Following this, the two protein-coding gene features were analyzed via UniReD using a list of 10 protein-coding genes that are known to be related to OA pathophysiology, namely, VDR [35] , AGC1 [36] , IGF-1 [37] , ADAMTS4 [38] , TGF beta [39] , MATN3 [40] , MMP13 [41] , COL2A1 [42] , COL11A1 [43] and COL9A1 [44] . Only STOML1 was found to be associated with OA pathways according to the KEGG pathway identification, reaching a score of 2.5 ( Table 2 ).

To decipher the methylation landscape of pancreatic β-cells, which could be of value in monitoring diabetes, raw methylomes of 3 pancreatic β-cell samples were analyzed against 28 other tissues/cell types, including blood, serum, muscle, adipose, spleen, colon, gastric, liver, skin, etc. (Supplementary Table S1 ) using RnBeads. Differential methylation analysis revealed 65 hypomethylated and 1 hypermethylated genes in β-cells in comparison to other tissues (FDR < 0.05). A heatmap of the emergent DMGs is presented in Figure 5 . The complete list of the 66 DMGs is presented in Supplementary Table S4. 

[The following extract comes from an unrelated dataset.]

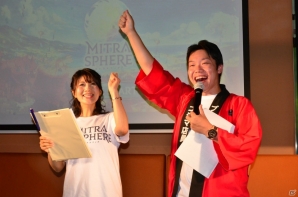 コジマ店員さんと間宮祐子さんの司会で幕を明けた「『ミトラスフィア』リリース直前ミーティング~重大発表!なのじゃ~」。冒頭、プロデューサーの清水啓之氏より「ミトラスフィア」に関するプレゼンテーションが行われた。

Further, all DMGs identified were subjected to functional analysis. Molecular function analysis showed an enrichment in the G-protein-coupled receptor activity and signaling pathway, glucose homeostasis, the negative regulation of lipid catabolic process and the activation of protein kinase B activity ( Figure 5 ). Reactome pathway analysis did not lead to any pathways. The PPI network of the 66 DMGs is presented in Supplementary Materials.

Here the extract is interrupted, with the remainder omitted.